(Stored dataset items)
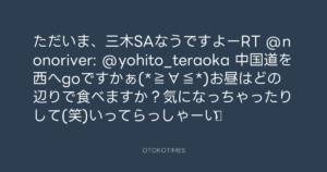 ただいま、三木SAなうですよーRT @nonoriver: @yohito_teraoka 中国道を西へgoですかぁ(*≧∀≦*)お昼はどの辺りで食べますか?気になっちゃったりして(笑)いってらっしゃーい♪
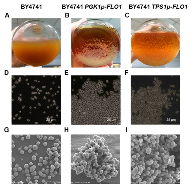 图1出发菌株BY4741及FLO1天然启动子替换菌株BY4741 PGK1p-FLO1和BY4741 TPS1p-FLO1的絮凝表型。A至C目测观察。 D至 F,光学显微镜。 G至 I,扫描电子显微镜。
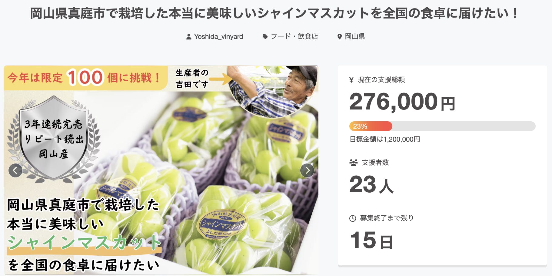 これまでは、JAや道の駅で販売することがほぼでしたが、クラウドファンディングを通じて全国の皆様に購入してもらえる、よしだ葡萄園のぶどうを食べてもらえるというのがすごく楽しみです!
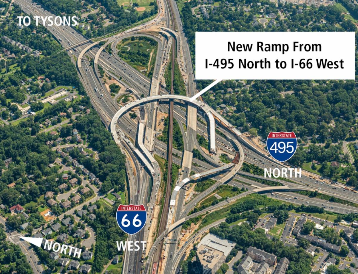 The location of the ramp from I-495 North to I-66 East will not change as part of this new configuration.
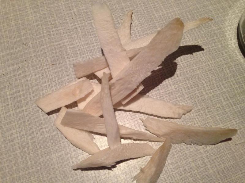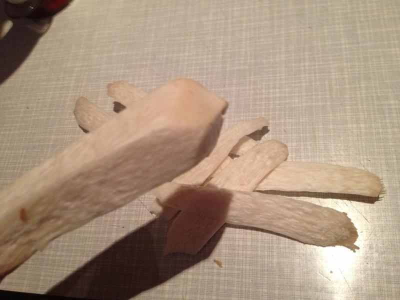 den pilz in kleine stücke schneiden. am besten scheiben mit ca. 3-5 cm länge, 1-1,5cm breite und 3 mm dicke. (hat sich bei mir am besten bewehrt bei austerpilzen)
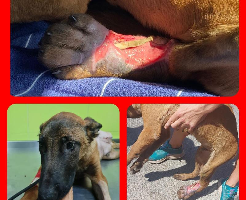 Luego contactaron con nosotros y fue trasladado a nuestra clínica de confianza, donde tras realizarle todas las pruebas pertinentes fue operado de su pata. Por desgracia, debido al tiempo que había transcurrido desde el accidente no hemos podido salvar la extremidad y hemos tenido que amputarla, ya que la infección era enorme y había una gran cantidad de tejido muerto.
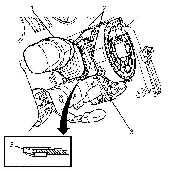 Important: Press the retaining tabs (2) on the turn signal switch (1) and pull the turn signal switch assembly away from the steering column (3).
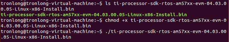 将光盘“Tools\Linux-RT\ti-processor-sdk-rtos-am57xx-evm-04.03.00.05-Linux-x86-Install.bin”开发包拷贝到Ubuntu,执行如下指令安装RTOS Processor-SDK:
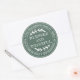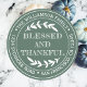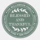 Adesivo de endereço de remetente redondo Feliz Dia de Ação de Graças com seu nome e endereço em tipografia branca estilosa apresenta o texto ABENÇOADO E GRATO em tipografia manuscrita com um toque estiloso de folhagem rústica em um fundo verde. Também ótimo para um agradecimento de negócios aos clientes! Basta adicionar o nome e endereço da sua empresa ou site. Exclusivamente projetado para você pelo Happy Dolphin Studio.
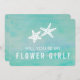 Incluya a su niña de las flores en la emoción de la boda con esta hermosa tarjeta. El diseño presenta dos estrellas de mar blancas contra un fondo aireado de trazos de acuarela turquesa. ¡Perfecto para bodas de playa o de destino! Accesorios coordinados disponibles en nuestra tienda.

_WHAT YOU HAVE TO DO_. Although the records above contain pictures, the copy must not; set down exactly the lines from the one with "The location of" up to and including the one with "den pilz in".

_RESPONSE TO THIS TASK_.
 The location of the ramp from I-495 North to I-66 East will not change as part of this new configuration.
 den pilz in kleine stücke schneiden. am besten scheiben mit ca. 3-5 cm länge, 1-1,5cm breite und 3 mm dicke. (hat sich bei mir am besten bewehrt bei austerpilzen)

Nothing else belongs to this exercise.